● **Your assignment**: Any picture in the material should be left out, while all other lines are copied exactly.

● **Data below**:
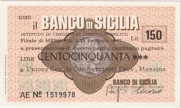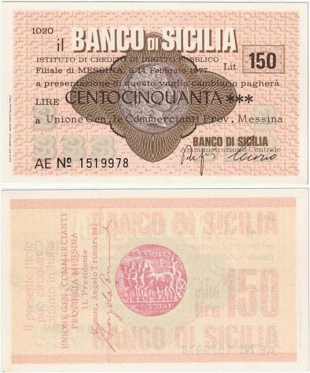 Q1989 Banknote Italy 150 Lire Banco di Sicilia 1977 UNC -> Make offer
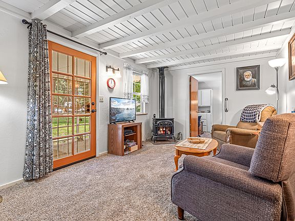 Nestled on a spacious oversized city lot on a dead end street, this delightful two-story cottage has so much charm and character. Boasting two spacious bedrooms, bath with tile shower, bright and cheery kitchen with tile countertops and backsplash. All the appliances stay with the home. Nice sizes mud/utility room with additional cabinets for storage. Covered front and back porches to sit and enjoy the beautiful mature landscaping. Patio area in the fenced backyard is great for entertaining. Single car garage, carport and storage shed. Plenty of room for all your toys including your RV or boat. Enjoy the serene surroundings while being just moments away from local amenities and Portola Park. Buyer to perform their own due diligence into all aspects of the property including condition and intended use
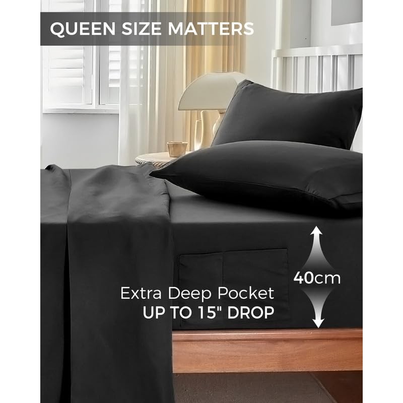 Extra Deep Pocket King Size Sheets Set - 4 Piece Ultra Soft Microfiber Bedding Set, Hotel Luxury Queen Size Fitted Sheet with Double Side Pocket - Wrinkle Free, Fade, Breathable (King, Black)

● **Task result**:
 Q1989 Banknote Italy 150 Lire Banco di Sicilia 1977 UNC -> Make offer
 Nestled on a spacious oversized city lot on a dead end street, this delightful two-story cottage has so much charm and character. Boasting two spacious bedrooms, bath with tile shower, bright and cheery kitchen with tile countertops and backsplash. All the appliances stay with the home. Nice sizes mud/utility room with additional cabinets for storage. Covered front and back porches to sit and enjoy the beautiful mature landscaping. Patio area in the fenced backyard is great for entertaining. Single car garage, carport and storage shed. Plenty of room for all your toys including your RV or boat. Enjoy the serene surroundings while being just moments away from local amenities and Portola Park. Buyer to perform their own due diligence into all aspects of the property including condition and intended use
 Extra Deep Pocket King Size Sheets Set - 4 Piece Ultra Soft Microfiber Bedding Set, Hotel Luxury Queen Size Fitted Sheet with Double Side Pocket - Wrinkle Free, Fade, Breathable (King, Black)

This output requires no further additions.